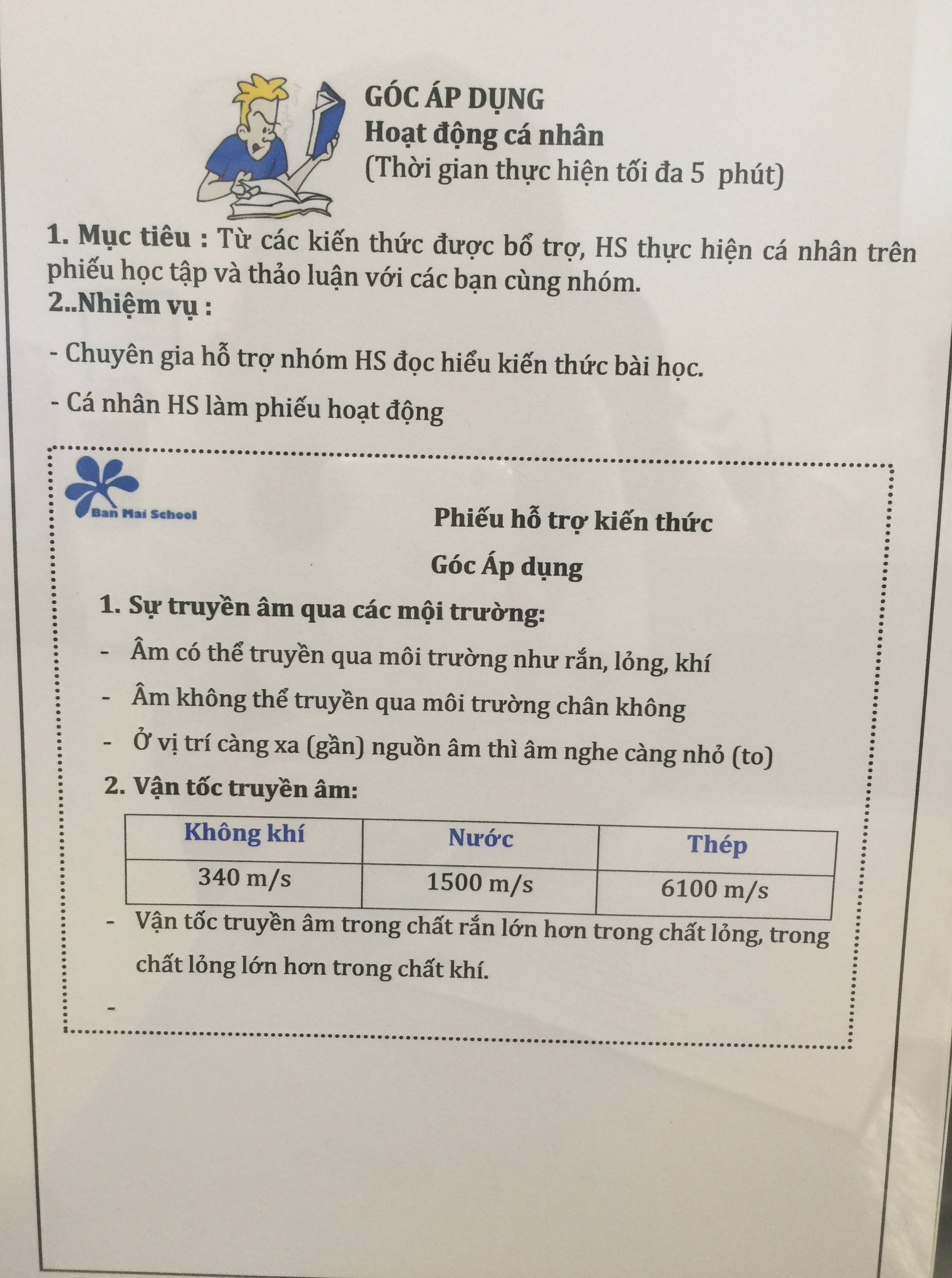 “Môi trường truyền âm”- Vật lý 7 là 1 bài học có nội dung rất phù hợp hợp cho việc tổ chức mô hình lớp học như vậy. Bên cạnh đó, kĩ thuật dạy học cũng có 1 vai trò vô cùng quan trọng để phát huy tối đa hiệu quả học tập của học sinh. Và trong bài học này, “kĩ thuật chuyên gia” đã khẳng định rất rõ điều đó. Chính những bạn học sinh có năng lực tốt đã trở thành chuyên gia hướng dẫn cho các bạn mình chinh phục kiến thức một cách vừa đơn giản, dễ hiểu nhưng vẫn đảm bảo yếu tố khoa học.
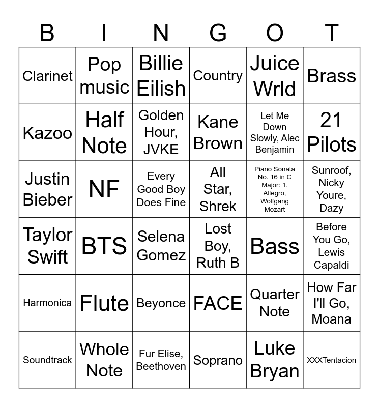 This bingo card has 54 words: Rap/Hip Hop, All Star, Shrek, Rap Battle, Flute, Sunroof, Nicky Youre, Dazy, XXXTentacion, Country, Lucid Dreams, Juice Wrld, Brass, Post Malone, Clarinet, Soprano, Lost Boy, Ruth B, Selena Gomez, Man In The Mirror, Michael Jackson, Bass, Justin Bieber, Golden Hour, JVKE, Michael Jackson, Every Good Boy Does Fine, Taylor Swift, Beyonce, NF, Juice Wrld, Triangle, Pop music, Soundtrack, Count On Me, Bruno Mars, FACE, Before You Go, Lewis Capaldi, Deviltown, Cavetown, Fur Elise, Beethoven, Tempo, Lizzo, Billie Eilish, Luke Bryan, Let Me Down Slowly, Alec Benjamin, BTS, Harmonica, Kazoo, Djembe, Guitar, Trombone, Piccolo, Piano Sonata No. 16 in C Major: 1. Allegro, Wolfgang Mozart, girl in red, Whole Note, Quarter Note, Half Note, 21 Pilots, Kane Brown, Nirvana, How Far I'll Go, Moana and Let It Go, Frozen.
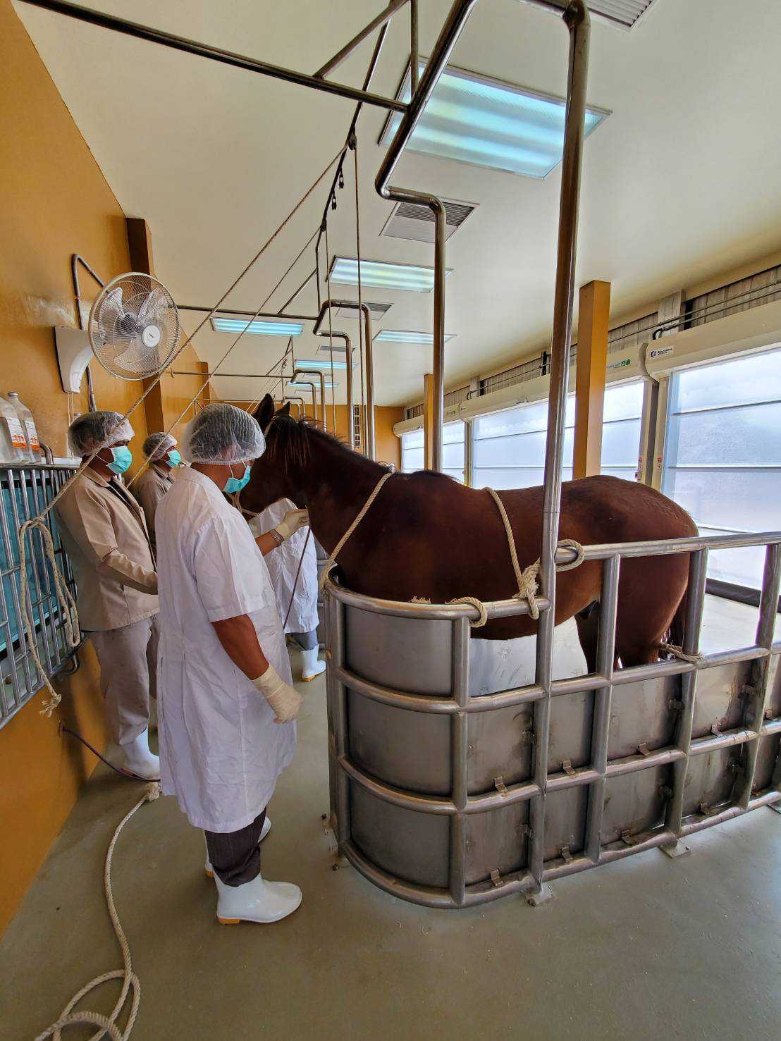 - การเจาะเก็บเลือดม้าที่ยืนอยู่ในซองม้า

• **ABOUT THIS EXERCISE**
Copy the data above line for line, skipping every picture.

• **ANSWER TO THE EXERCISE**
 “Môi trường truyền âm”- Vật lý 7 là 1 bài học có nội dung rất phù hợp hợp cho việc tổ chức mô hình lớp học như vậy. Bên cạnh đó, kĩ thuật dạy học cũng có 1 vai trò vô cùng quan trọng để phát huy tối đa hiệu quả học tập của học sinh. Và trong bài học này, “kĩ thuật chuyên gia” đã khẳng định rất rõ điều đó. Chính những bạn học sinh có năng lực tốt đã trở thành chuyên gia hướng dẫn cho các bạn mình chinh phục kiến thức một cách vừa đơn giản, dễ hiểu nhưng vẫn đảm bảo yếu tố khoa học.
 This bingo card has 54 words: Rap/Hip Hop, All Star, Shrek, Rap Battle, Flute, Sunroof, Nicky Youre, Dazy, XXXTentacion, Country, Lucid Dreams, Juice Wrld, Brass, Post Malone, Clarinet, Soprano, Lost Boy, Ruth B, Selena Gomez, Man In The Mirror, Michael Jackson, Bass, Justin Bieber, Golden Hour, JVKE, Michael Jackson, Every Good Boy Does Fine, Taylor Swift, Beyonce, NF, Juice Wrld, Triangle, Pop music, Soundtrack, Count On Me, Bruno Mars, FACE, Before You Go, Lewis Capaldi, Deviltown, Cavetown, Fur Elise, Beethoven, Tempo, Lizzo, Billie Eilish, Luke Bryan, Let Me Down Slowly, Alec Benjamin, BTS, Harmonica, Kazoo, Djembe, Guitar, Trombone, Piccolo, Piano Sonata No. 16 in C Major: 1. Allegro, Wolfgang Mozart, girl in red, Whole Note, Quarter Note, Half Note, 21 Pilots, Kane Brown, Nirvana, How Far I'll Go, Moana and Let It Go, Frozen.
 - การเจาะเก็บเลือดม้าที่ยืนอยู่ในซองม้า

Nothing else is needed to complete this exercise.